Atmospheric and Ocean Sciences and Mathematics major, University of California – Los Angeles
CEOAS mentors: Ken Zhao and Erin Pettit

Do ocean currents accelerate or decelerate the disintegration of ice shelves?

Petermann Gletscher’s ice shelf (PGIS), located in Northwest Greenland, has experienced significant thinning and calving within the past two decades, however, little is known on how specific basal geometries, including channels, crevasses, and terraces, impact the basal melt rates of PGIS. Our project will investigate whether ocean currents accelerate or decelerate the melting, and relatedly the disintegration, of PGIS as well as other floating ice shelves in Northern Greenland and around the Antarctic Ice Sheet. Ice shelves act as a stabilizing influence on grounded ice, therefore the melting and disintegration of ice shelves increases flow of grounded ice into the ocean, which leads to rise in sea levels; understanding how different basal geometries influence melt rates can allow us to make more accurate sea level predictions in the future.
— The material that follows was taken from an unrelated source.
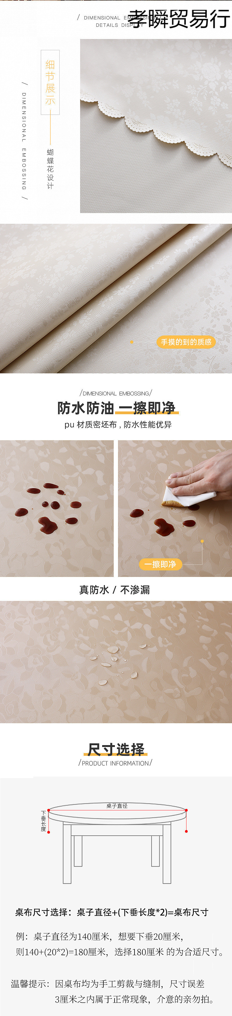 둥근 테이블 식탁보 방수 및 내유성 세탁 방지 가정용 식탁 매트 호텔 라운드 테이블 테이블 테이블 테이블 옷감스토어 가기

We will develop and analyze a z-coordinate model of ocean circulation within channels, crevasses, and terraces motivated by the parameters of PGIS as well as those representative of other ice-shelf cavities. This will allow us to observe the behavior of ocean circulation within our designated basal geometries—including the mean 3D velocity, temperature, salinity, and the corresponding turbulent momentum, heat, and salt fluxes—and therefore provide insight on how these geometries impact melting of ice shelves in general.